ECLI:NL:RBDOR:2009:BJ9878
Rechtbank Dordrecht
- Eerste aanleg - enkelvoudig
- Rechtspraak.nl
Aansprakelijkheid van moedermaatschappij voor schade door dochteronderneming bij blootstelling aan asbest
In deze zaak heeft de Sociale Verzekeringsbank (SVB) IHC Merwede Holding B.V. aangeklaagd voor schadevergoeding die voortvloeit uit de blootstelling van de heer X aan asbest tijdens zijn werk. De heer X, die op 11 januari 2007 de diagnose maligne mesothelioom kreeg, was in de jaren 1957-1962 werkzaam bij een bedrijf dat later is geïntegreerd in IHC Holland B.V., een dochteronderneming van IHC Holding. SVB vorderde onder andere een verklaring voor recht dat IHC Holding aansprakelijk is voor de schade die de erven van de heer X hebben geleden, en dat IHC Holding veroordeeld moet worden tot betaling van een voorschot en wettelijke rente.

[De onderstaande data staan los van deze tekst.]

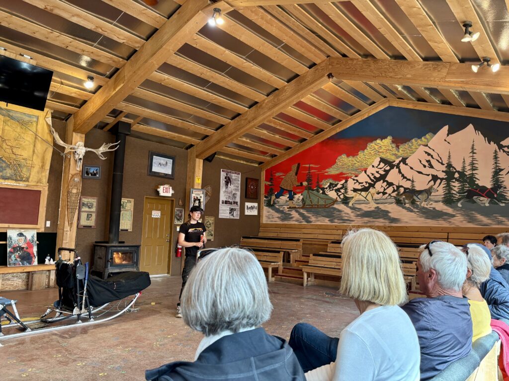To this day, many rural Alaskan communities rely on working dogs, and during our visit to the sled dog kennel, it becomes clear how the Iditarod honors this legacy. We see firsthand how mushers and dogs prepare and learn about the clothing, equipment, and supplies required to finish a race that can last up to two weeks.

De kantonrechter heeft de vordering van SVB afgewezen. De rechter oordeelde dat SVB niet de juiste partij had gedagvaard, aangezien IHC Holding niet de rechtsopvolger is van de werkgever van de heer X. De kantonrechter stelde vast dat de aansprakelijkheid voor de schade bij IHC Holland B.V. ligt en niet bij de moedermaatschappij IHC Holding. Bovendien werd geoordeeld dat er geen rechtsverwerking was, omdat IHC Holding niet verplicht was om al haar weren voorafgaand aan de procedure kenbaar te maken. De rechter concludeerde dat SVB als de in het ongelijk gestelde partij in de proceskosten moest worden veroordeeld.
De uitspraak werd gedaan op 1 oktober 2009 door kantonrechter E.D. Rentema in Dordrecht. De vordering van SVB werd afgewezen, en SVB werd veroordeeld tot betaling van de proceskosten aan IHC Holding.